First: good luck. Curry, as I’ve written, is likely to end his career as the top 5 player of all time, an all-time talent all too often underestimated and earning the fees he deserves long after the fact. But he’s the best player on the floor this series, he’s shown he can win a game single-handedly when he needs to, and in Game 5 his teammates started offering the kind of help he gets all the time could have used. Curry, as Green said, will be angry Thursday night and he will be dangerous.

But the second point addresses why this streak feels over: No team can win a championship if it fades away the closer it gets.
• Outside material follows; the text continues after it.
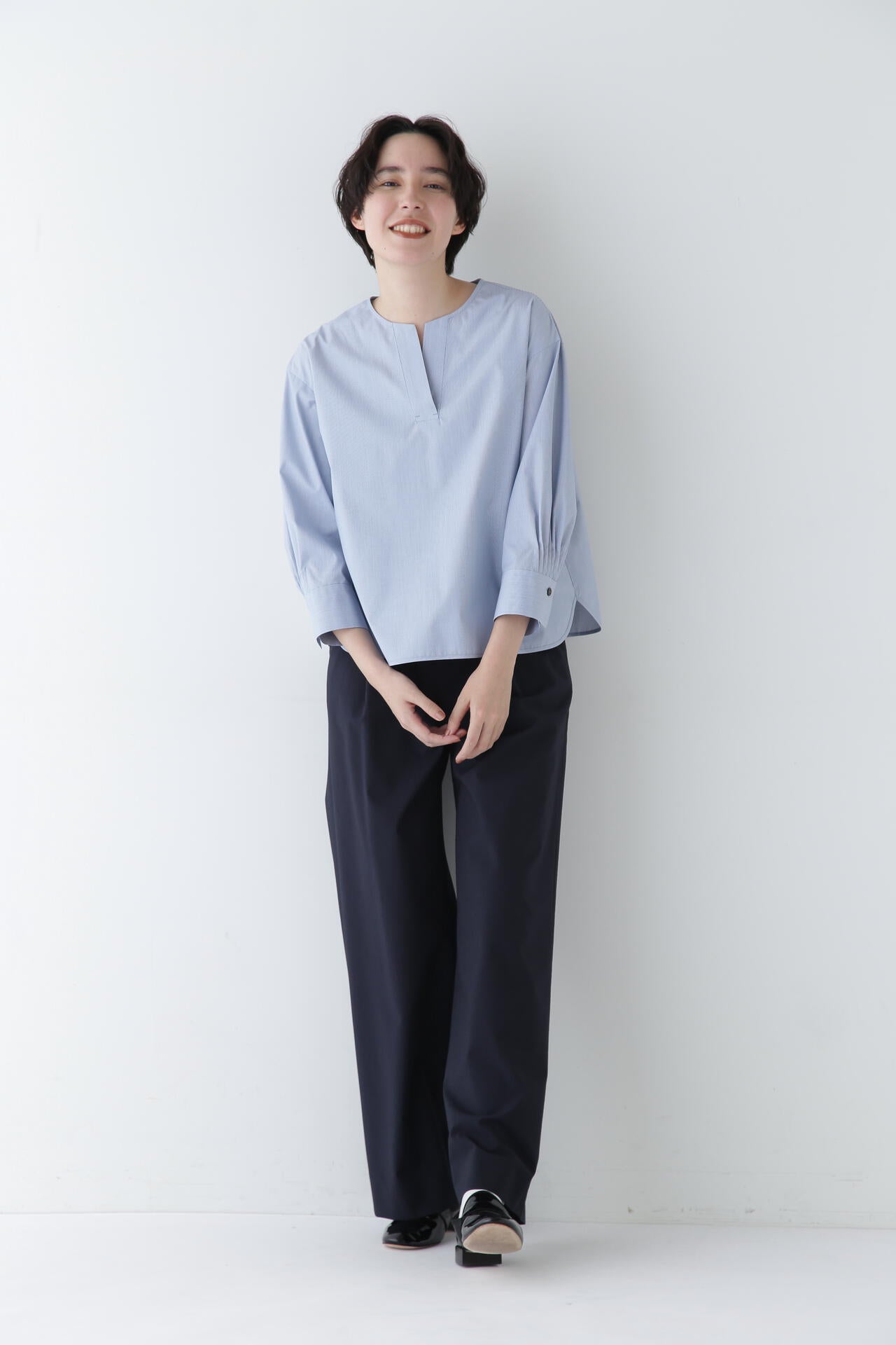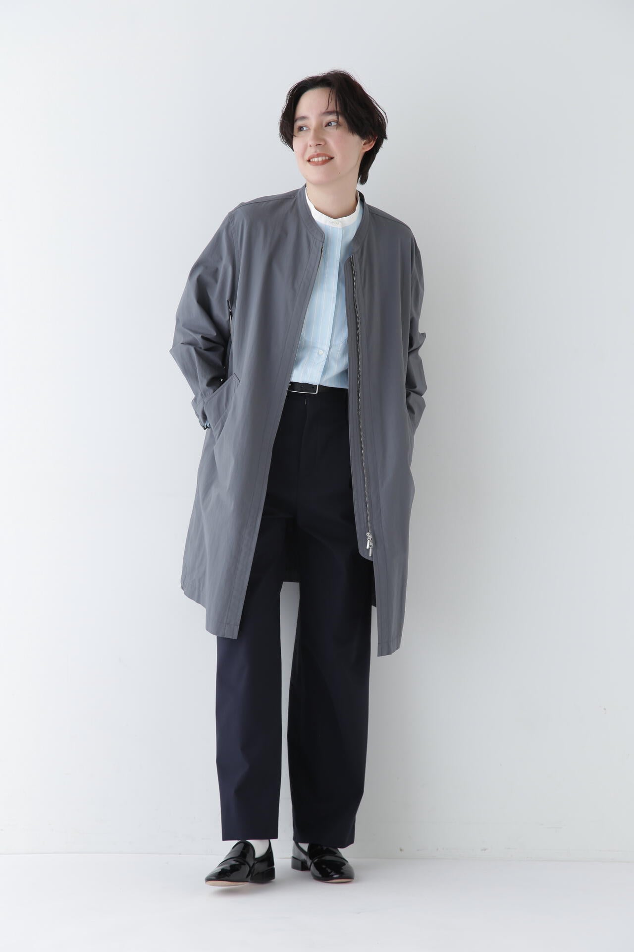 麻混のシャリ感を感じながらもきれいな表面感のTRポプリンを使用しています。程よいナチュラルストレッチも効いていて着用感も心地良い素材です。
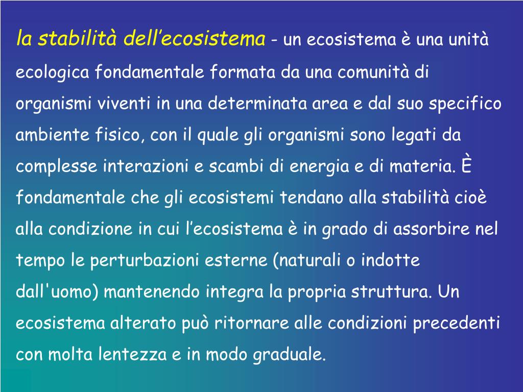 la stabilità dell’ecosistema- un ecosistema è una unità ecologica fondamentale formata da una comunità di organismi viventi in una determinata area e dal suo specifico ambiente fisico, con il quale gli organismi sono legati da complesse interazioni e scambi di energia e di materia. È fondamentale che gli ecosistemi tendano alla stabilità cioè alla condizione in cui l’ecosistema è in grado di assorbire nel tempo le perturbazioni esterne (naturali o indotte dall'uomo) mantenendo integra la propria struttura. Un ecosistema alterato può ritornare alle condizioni precedenti con molta lentezza e in modo graduale.

And the Celtics were a bundle of nerves and worries and poor play in the moments when a ring was over – turning the ball, playing hot potatoes without a star ready to seize the moment.

Tatum left much of this series. Brown had several lackluster second halves. Marcus Smart did not fill this gap. And you can only ask Al Horford and Derrick White once to save the day in a fourth quarter of an NBA Finals – and once feels like once too many.

The Celtics have a chance Thursday night, and as head coach Ime Udoka pointed out, they found themselves in that postseason position this postseason against last year’s champions, the Milwaukee Bucks, 3-2 down and on the verge of being eliminated.

But playoff basketball is about adjustments, and the ones Boston has to make we haven’t seen yet: The ability to conquer a series amid the most intense sense of hope and fear when something as rare as a championship presents itself .

We’ve seen enough to know that Steph Curry can do it. Meanwhile, the Boston Celtics are still trying to understand how to compete with him when it matters most.